» **Exercise description**
All that is needed is the run of lines from the top of the entries to the line with "오는 26일 오후 수원", that line included, repeated exactly and free of pictures.
Supplied records Block Start
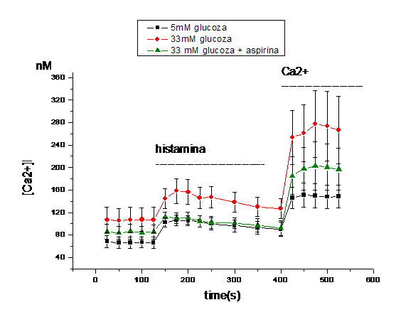 Rezultatele noastre demonstreaza ca atat eliberarea calciului intracelular din stocurile intracelulare (ca raspuns la histamina) cat si intrarea calciului extracelular in celula, sunt modificate in urma expunerii celulelor endoteliale la concentratie crescuta de glucoza. Tratarea cu aspirina a celulelor activate de glucoza produce restabilirea semnalizarii calciului.
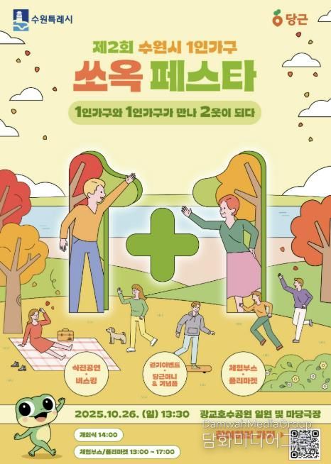 오는 26일 오후 수원 광교호수공원에 가면 시민 누구나 호숫가에서 걷기 운동을 하며 이웃을 만들 수 있다. ‘제2회 수원시 1인가구 쏘옥 페스타 1+1’이 1인가구와 시민들을 연결하는 폭넓은 소통의 장을 마련한다. 1인가구에 도움이 되는 다양한 정보를 얻고, 1인가구라서 느끼는 고민을 서로 나누고, 취미가 맞는 1인가구끼리 새 친구가 되는 기회다. 운이 좋으면 1만원의 당근머니도 받게 되는 가을 소풍을 즐겨보자.
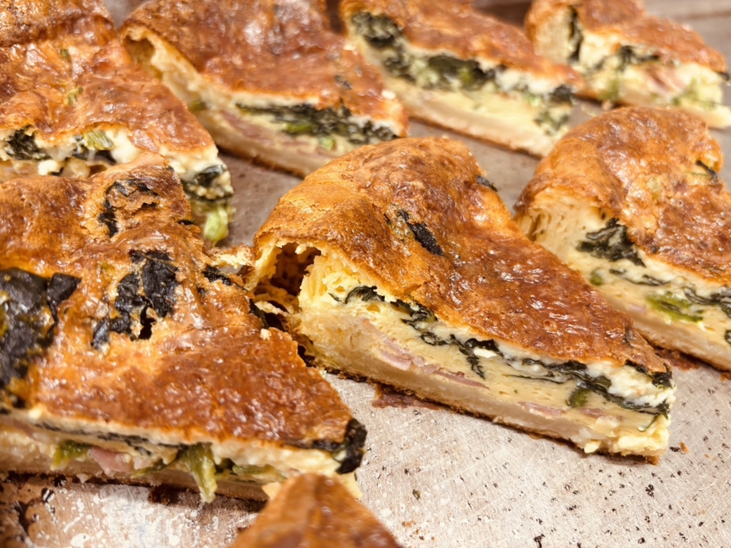旨みのあるベーコンとほうれん草をなめらかな卵生地で焼き上げました。サクッとした生地とやさしい味わいが楽しめます。 hata
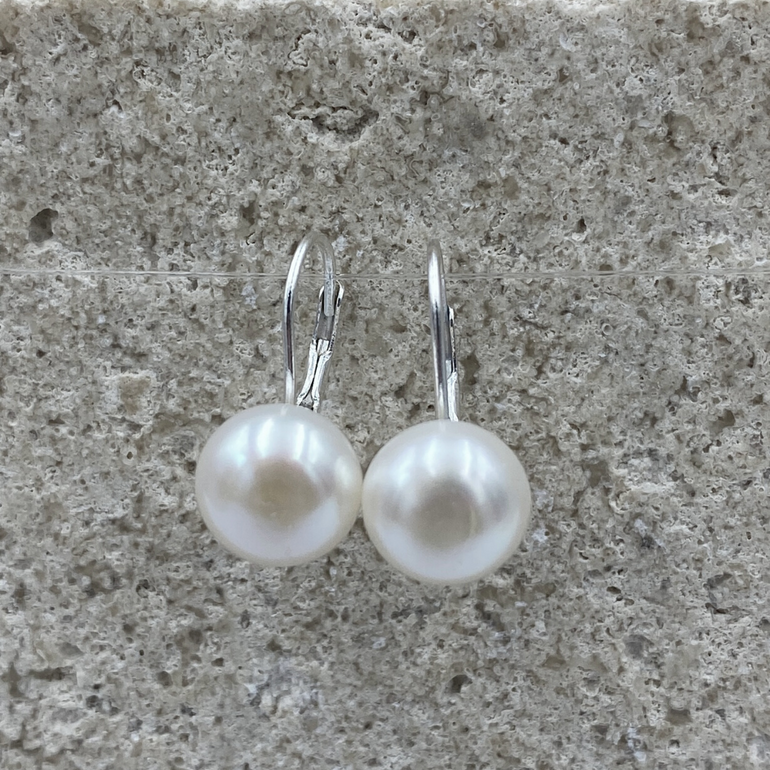 925 Sterling Silver & Natural Freshwater Pearl Leverback Earrings. Drop top to bottom 19mm & pearl 10mm in diameter.
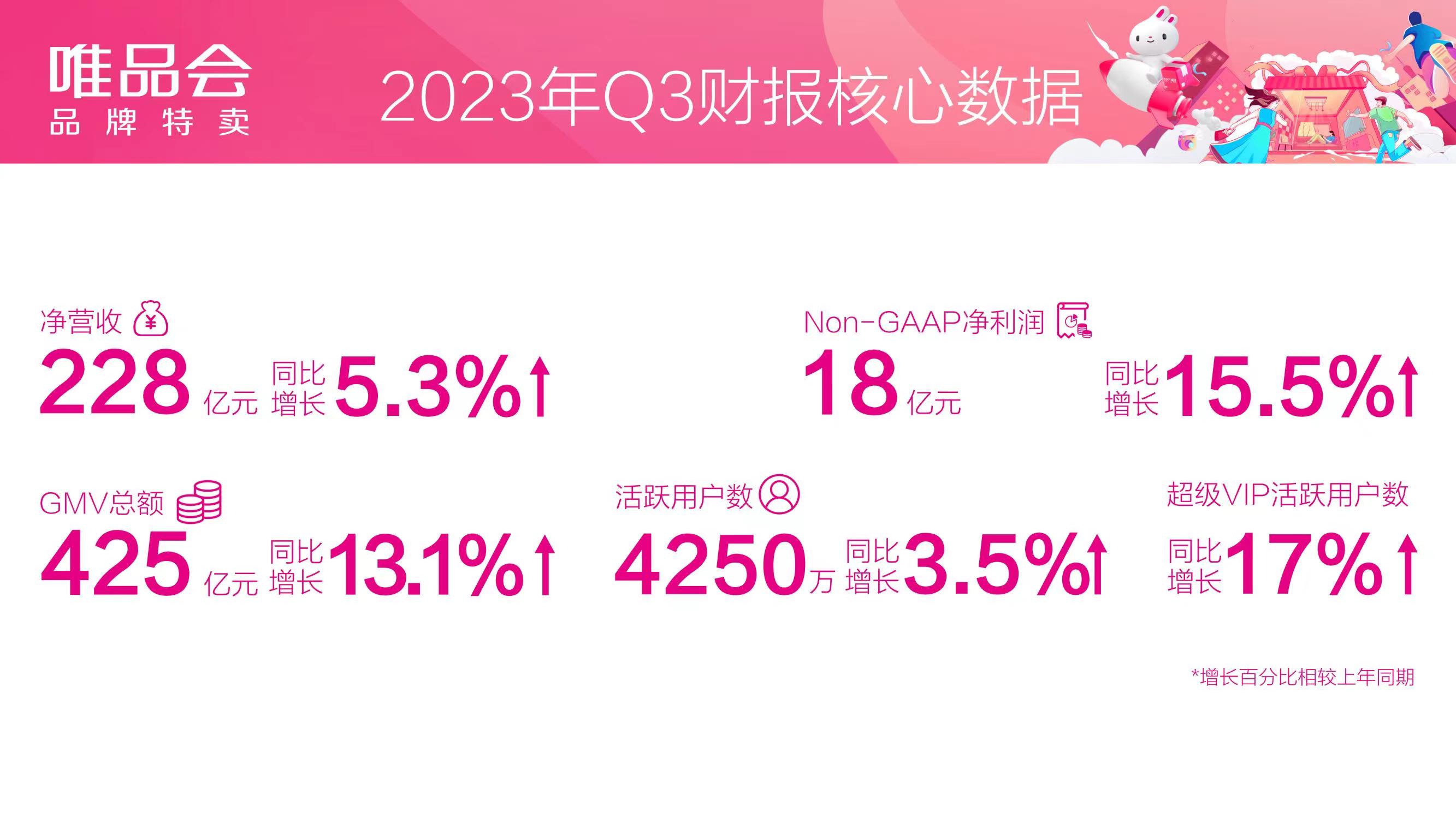 近日,唯品会(vip.com,NYSE:VIPS)发布2023年第三季度财报,财报显示,唯品会三季度实现净营收228亿元(人民币,下同),同比增长5.3%;Non-GAAP净利润18亿元,同比增长15.5%,营收、净利润双增长。
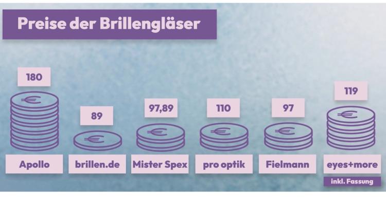 Beim Preisvergleich schickt das Sat.1-Team eine weitere Testkundin mit einer Fremdfassung in die Filialen, um sich diese verglasen zu lassen. Die Anforderungen der 21-Jährigen an die Gläser: Sie sollen leicht und dünn sein, härtebeschichtet, superentspiegelt und über den Lotuseffekt verfügen. Bei Apollo werden die verschiedenen Möglichkeiten am Glasposter aufgezeigt. Letztlich kommen so 180 Euro für die Gläser zusammen, inklusive 30 Euro Einarbeitungsgebühr aufgrund der Fremdfassung. Bei brillen.de sind es 89 Euro, Mister Spex kommt aufgrund eines aktuellen Angebots und 40 Prozent Preisnachlass für Gläser und Beschichtungen auf 97,89 Euro (inklusive 49,95 Euro Einarbeitungsgebühr), bei Pro Optik werden 110 Euro aufgerufen und bei Fielmann 97 Euro. Einzig bei Eyes and more wird eine Fremdverglasung nicht angeboten, dafür aber das Angebot von 119 Euro für eine neue Fassung inklusive der gewünschten Gläser gemacht.
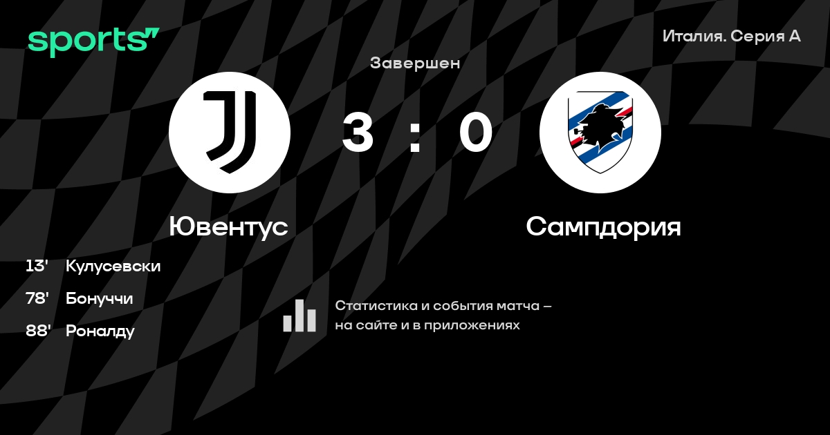 Шченсны - Кьеллини, Бонуччи, Данило - Фработта, Рэмзи, Маккенни, Рабьо, Куадрадо - Кулусевски, РоналдуЗапасные: Буффон, Пинсольо, Де Шильо, Демирал, Ругани, Бентанкур, Дуглас Коста, Николусси-Кавилья, Портанова, Артур, Вриони
Supplied records Block End
» **Final answer**
 Rezultatele noastre demonstreaza ca atat eliberarea calciului intracelular din stocurile intracelulare (ca raspuns la histamina) cat si intrarea calciului extracelular in celula, sunt modificate in urma expunerii celulelor endoteliale la concentratie crescuta de glucoza. Tratarea cu aspirina a celulelor activate de glucoza produce restabilirea semnalizarii calciului.
 오는 26일 오후 수원 광교호수공원에 가면 시민 누구나 호숫가에서 걷기 운동을 하며 이웃을 만들 수 있다. ‘제2회 수원시 1인가구 쏘옥 페스타 1+1’이 1인가구와 시민들을 연결하는 폭넓은 소통의 장을 마련한다. 1인가구에 도움이 되는 다양한 정보를 얻고, 1인가구라서 느끼는 고민을 서로 나누고, 취미가 맞는 1인가구끼리 새 친구가 되는 기회다. 운이 좋으면 1만원의 당근머니도 받게 되는 가을 소풍을 즐겨보자.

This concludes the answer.